Collection maintenance, including weeding, is a key component of my position as an academic science librarian.  In an ideal world we receive perfect data that are clean and ready to use. But unfortunately, that is not always the case. In large deselection projects you might receive holdings and circulation records in separate files which, once combined, may contain many undesired duplicated line items. I will demonstrate how you can effectively and quickly use the facet row feature in OpenRefine to deduplicate data.  The benefit of this method is that you select which of the duplicated items will be kept and which will be deleted.   Once OpenRefine is downloaded and opened, you work in a web user interface to upload your data, clean and transform the data, and then download from the browser to a CSV file in Excel.  With practice, I have found that this only takes a few minutes for thousands of line items, and ensures I am able to select the data I want.  


Why OpenRefine?


I choose to use OpenRefine, an open source tool available on GitHub, because it is free, easy to learn and use, and allows for the selection of a union of rows after applying facets and filters.  OpenRefine offers a platform for data management; and users, including non-programmers, do not need to know how to code to clean and transform data.  With OpenRefine, I can ensure I am deleting specific line items while confirming I am keeping preferred line items.   


Method 


Basically, I divide my data into numerous sets, and then I select the union of desired sets. I have used this method during large weeding projects when I received two Excel files.   


In this example, I received the data necessary for the deselection process in two different files.  The first file of all holdings included the following fields: DISPLAY_CALL_NO, TITLE, PUB_PLACE, PUBLISHER, PUBLISHER_DATE, ITEM_BARCODE, and LOCATION_ID (Figure 1). 

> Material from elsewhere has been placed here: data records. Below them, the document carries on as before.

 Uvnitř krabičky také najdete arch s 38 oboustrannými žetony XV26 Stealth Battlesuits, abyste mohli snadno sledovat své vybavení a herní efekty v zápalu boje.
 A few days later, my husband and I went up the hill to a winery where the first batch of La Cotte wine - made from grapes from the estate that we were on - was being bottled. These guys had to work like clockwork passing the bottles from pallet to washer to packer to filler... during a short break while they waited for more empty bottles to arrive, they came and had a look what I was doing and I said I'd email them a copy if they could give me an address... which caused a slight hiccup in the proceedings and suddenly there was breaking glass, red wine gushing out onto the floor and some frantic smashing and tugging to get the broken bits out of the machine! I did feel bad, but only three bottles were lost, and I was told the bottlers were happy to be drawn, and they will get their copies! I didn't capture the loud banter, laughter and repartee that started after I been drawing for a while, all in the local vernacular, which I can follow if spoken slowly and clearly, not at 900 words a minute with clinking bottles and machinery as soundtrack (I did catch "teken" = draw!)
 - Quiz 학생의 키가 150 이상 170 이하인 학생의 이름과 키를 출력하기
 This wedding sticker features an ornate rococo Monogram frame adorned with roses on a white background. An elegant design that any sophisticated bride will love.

Figure 1: Example of records holdings.


The second file of items circulated included the following fields: DISPLAY_CALL_NO, TITLE, PUBLISHER, PUBLISHER_DATE, ITEM_BARCODE, HISTORICAL_CHARGES, and LastOfCHARGE_DATE (Figure 2).

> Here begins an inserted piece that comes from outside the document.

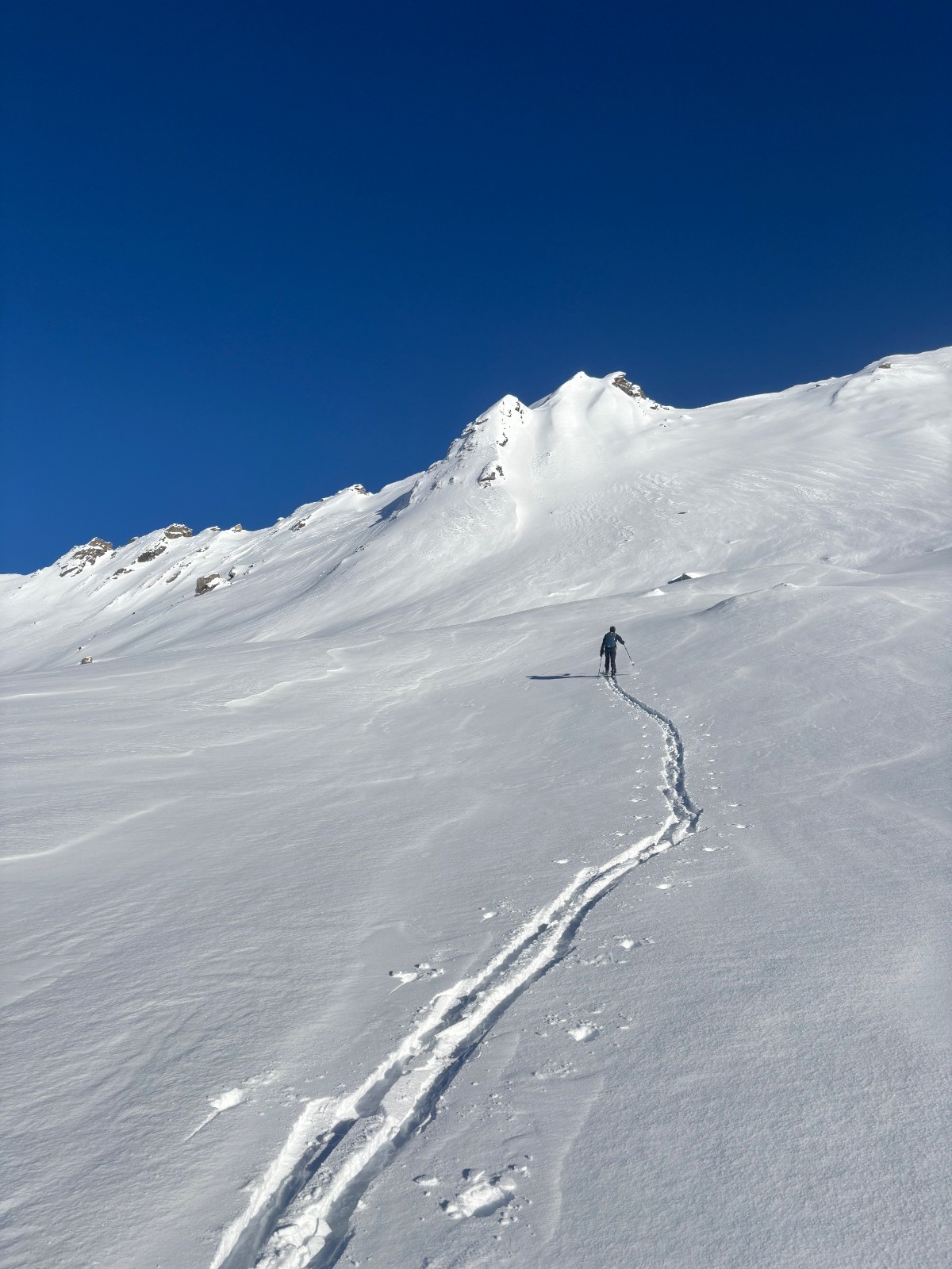 Enfin un début de saison qui vaut un peu le coup dans les Alpes. La neige est abondante on s’est régalé. On a tout tracé et on a croisé personne.

Figure 2: Example of circulation statistics.


Combining Files


Before I can go any further, I want to combine the two data files into one file.  I want all the information available in one file to increase my efficiency while in the stacks reviewing the collection, and to provide one file of data to the faculty members of my liaison areas.  I combine the data with some simple manipulations in Excel.  First, I make sure that all columns match (Figure 3).  Then I copy and paste the smaller circulation file to the significantly larger file of holdings (Figure 4).  The smaller circulation files typically holds approximately 200-3,000 lines of data.  The larger files of holdings hold between 5,000-20,000 lines of data.  


Figure 3: Mismatch of combined data.


Figure 4: Example of combined data with duplicates.

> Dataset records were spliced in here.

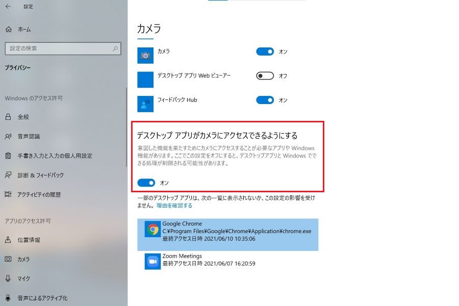 パソコンの場合は、「このデバイスのカメラへのアクセスはオフになっています」を「オン」に変更したうえで、同ページの下の方にある「デスクトップアプリがカメラにアクセスできるようにする」の項目も「オン」にしておきましょう。
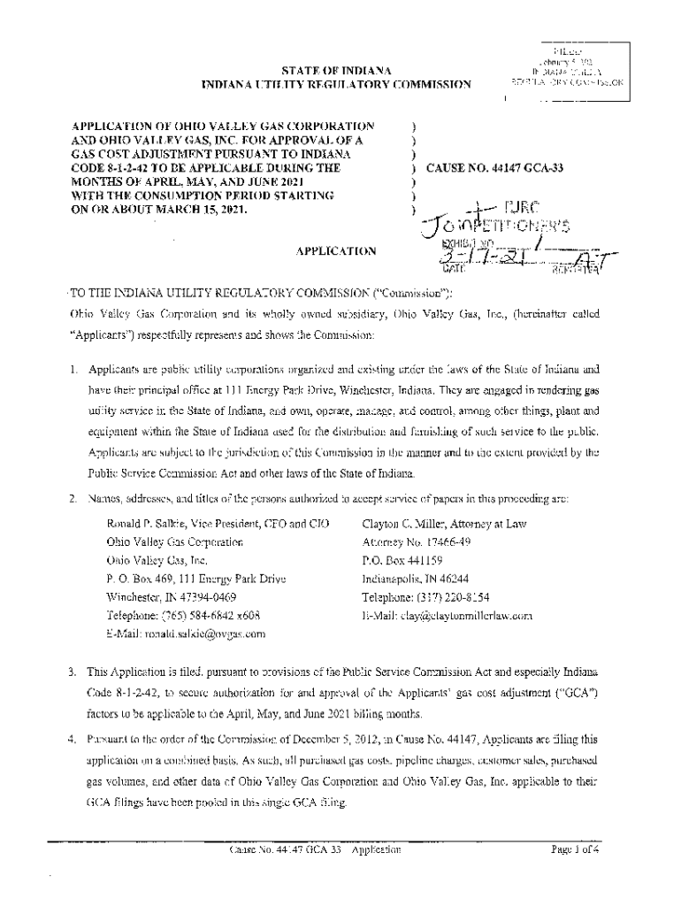 FILEDSTATE OF INDIANA UTILITY REGULATORY COMMISSION February 5, 2021
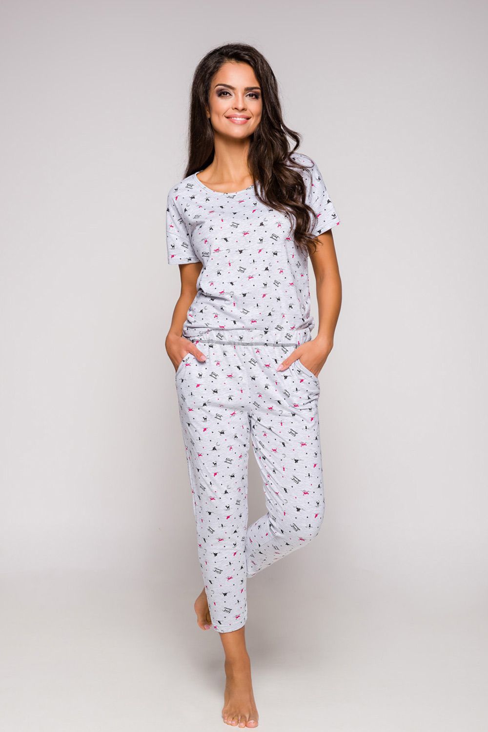 Женская пижама Ksara состоит из футболки с коротким рукавом и бридж с карманами. Пижама серого цвета, декорирована принтом "кошечки".
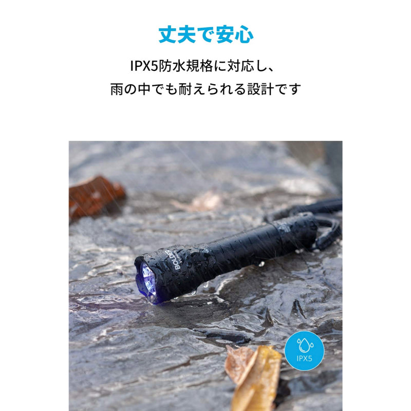 パッケージ内容 Anker Bolder UV LEDフラッシュライト、取扱説明書、Micro USBケーブル、18ヶ月保証 + 6ヶ月 (Ankerで会員登録後)、カスタマーサポート
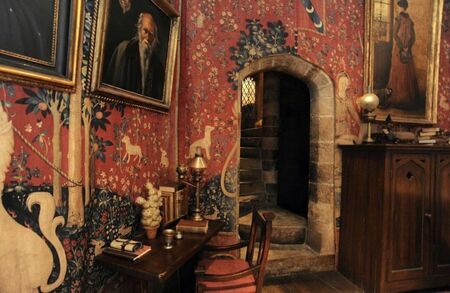 Достаточно контрастно выглядит интерьер гостиной Гриффиндора, в которой прослеживается викторианский стиль. В нем, наоборот, преобладают теплые оттенки, много красного цвета, текстильные фактуры. Мебель выглядит немного потрепанной, хаотично расставленной. Это создает ощущение домашнего уюта, тепла и душевности. Одним из самых ярких викторианских элементов являются гобелены, особенно с изображением единорогов. Самый известный из них — «Дама с единорогом». Схожую символику мы видим и на стенах гостиной Гриффиндора. Я предполагаю, что это связано как с вдохновением средневековым стилем, так и значением единорогов в волшебном мире. Они считаются почти священными животными, символизирующими чистоту.
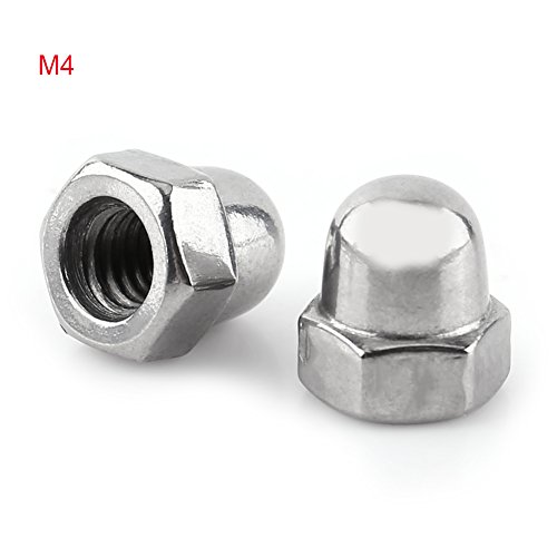 ボルトベースM3/M4/M10アクロンナットステンレスSS304ドームヘッドキャップヘックスナット(100個/25個)、シルバーカラー(M4(100/パック))
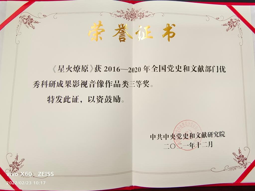 近日,全国党史和文献部门主要负责人会议以视频形式召开,会议表彰了2016—2020年全国党史和文献部门先进集体、先进个人和优秀科研成果。由中共宝鸡市委党史研究室联合宝鸡市教育局共同制作,由我校马克思主义学院院长刘晓勇和麟游县委常委、县纪委书记、县监委主任上官青云担任编剧的五集地方党史影片《星火燎原》荣获“2016—2020年全国党史和文献部门优秀科研成果影视音像作品类三等奖”。这是近年来宝鸡党史研究成果获得的最高奖项。
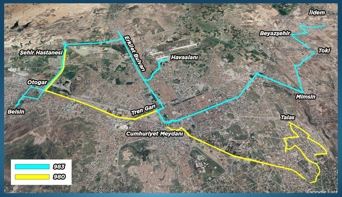 ‘Kayseri’de gece seferleri ile 24 saat kesintisiz ulaşım dönemi 8 Haziran’da başlıyor’ diyen Büyükkılıç, 983 hat kodlu sefer ve güzergâh kapsamında 00.15, 01.45, 03.45 ve 05.15 saatlerinde gidiş ve dönüş yolu olarak Belsin, Otogar, Şehir Hastanesi, Erkilet Bulvarı, Havaalanı, Tren Garı, Cumhuriyet Meydanı, Mimsin, TOKİ, Beyazşehir ve İldem’in belirlendiğini ifade etti.
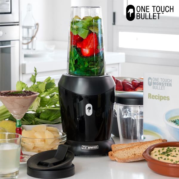 Ako kod kuće želite imati posljednji krik među blenderima, nemojte propustiti moćni Blender One Touch Monster Bullet. Njegovo jednostavno djelovanje čini Monster ekskluzivnim blenderom na tržištu, s obzirom na to da je dovoljan pritisak prsta na čašu kako bi dobili ukusne sokove, umake, smoothie, itd., koji su puni vitamina. U podnožju ima zaštitu od klizanja za veću stabilnost i bolji prijem. Značajke:Snaga: 100-1200 WFrekvencija: 50-60 HzNapon: 220-240 VSadrži:1 hermetički pokrov za nošenje i pijenje1 hermetički pokrov za zatvaranje1 pokrov sa 6 oštrica od čelika1 posuda približne dimenzije 500 ml1 posuda približne dimenzije 800 mlPribližne dimenzije: 15,5 x 38,5 x 15,5 cmPribližne dimenzije bez čaše: 15,5 x 20,5 x 15,5 cmKnjiga recepata
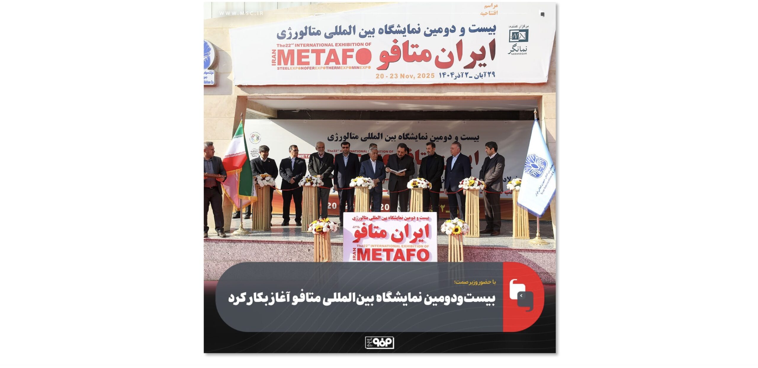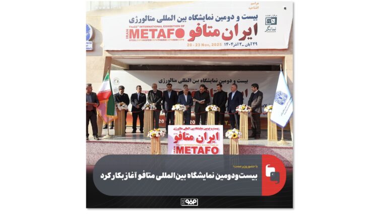 معدن۲۴:بیستودومین نمایشگاه بینالمللی متالورژی (ایران متافو) صبح امروز ۲۹ آبانماه با حضور اتابک، وزیر صنعت، معدن و تجارت، سمیعینژاد، معاون وزیر و رئیس هیأت عامل ایمیدرو، زرندی، مدیرعامل گروه فولاد مبارکه در محل دائمی نمایشگاههای تهران آغاز بکار کرد.

This first step creates duplicates of items, books in this case, that had been previously checked out.  This is not something that I want to deduplicate by hand.  I opt to use OpenRefine so that I can control which duplicate line item I am deleting.  OpenRefine provides the functionality of the facets for my desired data cleanup.  After downloading and opening OpenRefine, I create a project (Figure 5).  


Figure 5: Screenshot of creating a project in OpenRefine.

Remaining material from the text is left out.